By Brent Stephens on September 3, 2012
Amory Lovins, of the Rocky Mountain Institute, is one of the world’s most famous thinkers on energy and environmental policies and technologies. He and his colleagues at RMI recently published a new book called Reinventing Fire, where they outline an energy future that maximizes efficiency, minimizes (or ideally, halts) the use of fossil fuel energy sources, and does so largely by circumventing lawmakers and encouraging private industry. Given the day away from the office for Labor Day, I decided to spend a productive and thought-provoking half-hour watching a summary of his book (and vision) in a TED talk he gave earlier this year. I found the strategy surprisingly interesting and encouraging, and highly recommend a viewing.
Basically, Lovins outlines a strategy that largely makes sense physically, at least from a macroscopic point of view. The basic tenets are practical, sharp, and not really new: make things that require energy smaller and more efficient, then switch to renewable energy sources in a smart and better-connected fashion. Starting with oil, our vehicles use too much of it, so we should make cars lighter (by utilizing new composite materials), thus making them more fuel efficient. At the same time, the switch to electric vehicles would be easier and cheaper because smaller cars need smaller batteries. That, in addition to several other broad concepts of “smart growth” and “alternative commuting” will help lower oil demand, according to Lovins. Makes sense. He was unfortunately light on solutions for the trucking/shipping industry, but I give him the benefit of the doubt given the crunched nature of TED talks.

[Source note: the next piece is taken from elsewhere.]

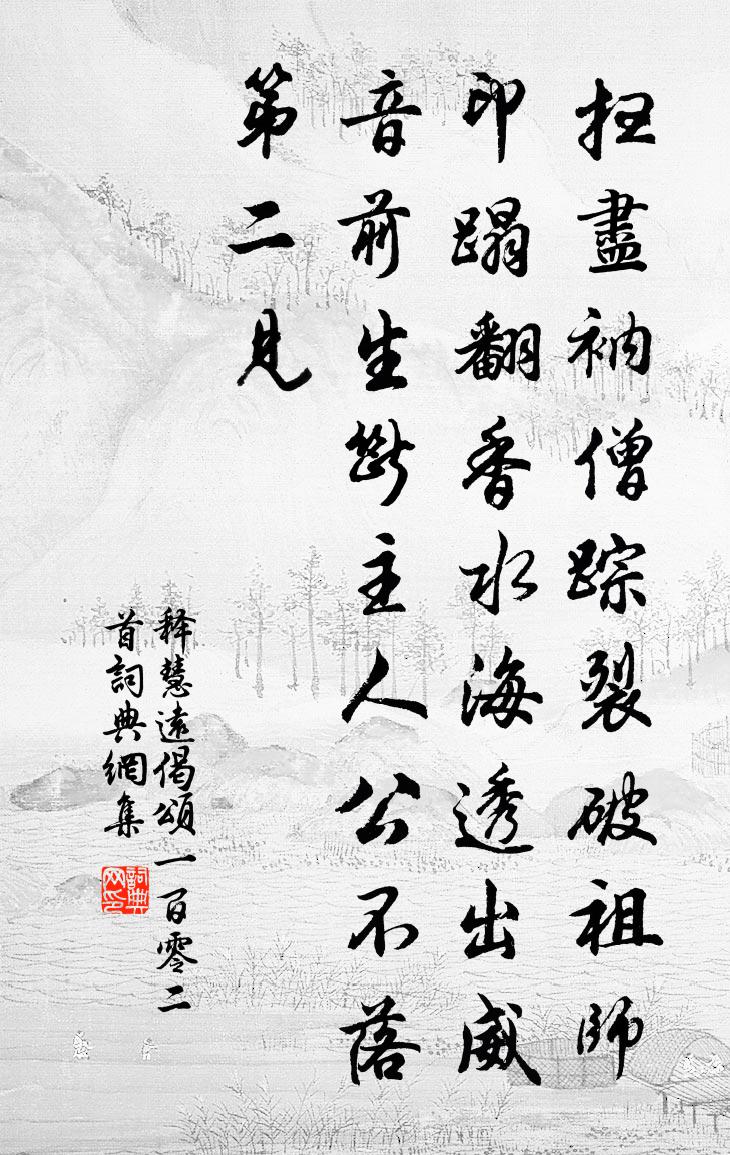詩詞名句歷史字典書法欣賞書法字典國語詞典說文解字康熙字典古漢語字典標 題 作 者 詩 句 偈頌一百零二首作者:釋慧遠 朝代:宋代偈頌一百零二首原文掃盡衲僧蹤,裂破祖師印。蹋翻香水海,透出威音前。生斷主人公,不落第二見。詩詞問答問:偈頌一百零二首的作者是誰?答:釋慧遠問:偈頌一百零二首寫於哪個朝代?答:宋代釋慧遠偈頌一百零二首書法欣賞偈頌一百零二首書法作品詩詞推薦鷓鴣天李景良〔宋代〕清曉祥雲繞碧天。老人星忽下南躔。庭蘭共酌長生酒,持上華堂彩侍前。開綺席,舞朱顏。輕紅蓮葉薦金盤。沉香次韻楚客方岳〔宋代〕戍角吹將短鬢華,此情付與酒生涯。兩淮無事山如畫,九日明朝菊未花。有客敲門緣問事,無田負郭卻思家。雁來別趙子(趙子名德,潮州人)韓愈〔唐代〕我遷於揭陽,君先揭陽居。揭陽去京華,其里萬有餘。不謂小郭中,有子可與娛。心平而行高,兩通詩與書。婆娑因夢得酬牛相公初到洛中小飲見贈白居易〔唐代〕淮南揮手拋紅旆,洛下回頭向白雲。政事堂中老丞相,制科場裡舊將軍。宮城煙月饒全占,關塞風光請半分。詩酒西湖陳師道〔宋代〕小徑才容足,寒花只自香。官池下鳧雁,荒冢上牛羊。有子吾甘老,無家去未量。三年喔五字,草木借輝光。秋日訪程元明喜雨而作王之道〔宋代〕去年夏六月,我來自臨安。滂沱一夜雨,原隰俱瀰漫。挽仰忽再秋,秋旱畝澮乾。嘉穀槁垂盡,萬口空長嘆。我從石鼓蘇轍〔宋代〕岐山之陽石為鼓,叩之不鳴懸無虡。以為無用百無直,以為有用萬物祖。置身無用有用間,自託周宣誰敢侮。宣王徐靈暉輓詞趙師秀〔宋代〕在生貧不害,早喪可嗟吁。天下黃金有,人間好句無。魂應湘水去,名與浪仙俱。平日惟耽茗,墳前種幾株。估客有自蔡州來者感悵彌日陸游〔宋代〕洮河馬死劍鋒摧,綠髮成絲每自哀。幾歲中原訊息斷,喜聞人自蔡州來。雜詩李復〔宋代〕陰陽體合氣,氛氳極無際。卦氣交孕毓,旁滋六爻備。聖人系爻辭,鉤賾推母子。觀應以知來,隨方推象類。靈龜次韻聰父見遺二首張元乾〔宋代〕十年遷客北歸時,旁海相逢嘆渺瀰。枝上煙光忙蛺蝶,尊中風味奪酴醿。老來詩思真枯井,別後心情似亂絲。喜故送蔡冠卿知饒州蘇軾〔宋代〕吾觀蔡子與人游,掀豗笑語無不可。平時倜儻不驚俗,臨事迂闊乃過我。橫前坑阱眾所畏,布路金珠誰不裹。爾來過蘭溪楊時〔宋代〕紛紛朝市競秋毫,江上霜風正怒號。不問揚瀾與彭浪,翩然東下日千艘。六言詩十首 其九嵇康〔兩漢〕老萊妻賢明。不願夫子相荊。相將避祿隱耕。樂道閒居采{艹/汧}。終厲高節不傾。贈鄉人周從龍談命劉過〔宋代〕廬陵儒萬人,頗亦出青紫。老子三不歸,未省鄉里士。暮年罕交遊,僅識子周子。風流屬當行,豈止談天爾。夜從鮮于伯機家釣台石戴表元〔宋代〕人間岩石亂紛紛,嚴子台名最喜聞。何術縮渠千里脈,有人分得兩峰雲。天邊路遠星還動,江上潮回日又曛。解道醉落魄/一斛珠周紫芝〔宋代〕雲深海闊。天風吹上黃金闕。酒醒不記歸時節。三十年來,往事無人說。浮生正似風中雪。丹砂豈是神仙訣。世間累年告老恩旨未俞詔領祠宮遂還鄉閈燕間無事蘇頌〔宋代〕我昔就學初,齠童齒未齔。嚴親念痴狂,小藝誘愚鈍。始時授章句,次第教篇韻。蒙泉企層瀾,覆簣期九仞。十齡宛陵館冬青樹(一作漢陰亭樹)趙嘏〔唐代〕碧樹如煙覆晚波,清秋欲盡客重過。故園亦有如煙樹,鴻雁不來風雨多。一葉舟侯善淵〔元代〕不覺形軀衰老。受盡許多縈惱。誰肯死前休。苦貪求。識破修行早早。認取自家珍寶。珍寶價無酬。永存留。名句推薦近來何處有吾愁,何處還知吾樂。辛棄疾《念奴嬌·賦雨岩》 今我來思,雨雪載途。佚名《出車》 少年射虎名豪,等閒赤羽千夫膳元好問《水龍吟·從商帥國器獵於南陽同仲澤鼎玉賦此》 漁父天寒網罟凍,莫徭射雁鳴桑弓。杜甫《歲晏行》 霜草蒼蒼蟲切切,村南村北行人絕。白居易《村夜》 一曲高歌一樽酒,一人獨釣一江秋。王士禎《題秋江獨釣圖》 水晶簾不下,雲母屏開,冷浸佳人淡脂粉。晁補之《洞仙歌·泗州中秋作》 舉棋不定,不勝其耦。左丘明《左傳·襄公·襄公二十五年》 涉江采芙蓉,蘭澤多芳草。佚名《涉江采芙蓉》 發號施令,若汗出於體,一出而不復也。吳兢《貞觀政要·卷八·論赦令》

Now, turn to electricity. About seventy-five percent of our electricity in the US powers buildings. So make them more efficient. Fair enough; we can do this. The Empire State Building did it. The basic concepts apply here: make building loads smaller, then the equipment that services those loads can be smaller, reducing the overall cost of retrofit. In industrial settings, more not-so-sexy technologies can make large strides in energy efficiency, according to Lovins. For example, we use a lot of twisting, small diameter piping in industry; Lovins points out that switches to “fat short straight pipes” can do the trick. And so on, and so on.
Most of the technologies Lovins discusses are not new and make tremendous sense. Where he begins to really make strides however is in making the economic case for each of these solutions. Over the last few years I’ve largely thought that we currently know how to make most efficiency gains in any sector of our energy-using world, but it’s the lack of implementation that is holding us back. What’s needed is a mix of creative policy solutions, overall willingness, and what Lovins points out (much more so than I assumed he would have): business solutions. Lovins and RMI consult with some major players (e.g., the BMWs, Wal-Marts, and Dows of the world), and he paints a very promising future of many major industry giants making a move toward efficiency largely because it makes economic sense. Very encouraging in my opinion.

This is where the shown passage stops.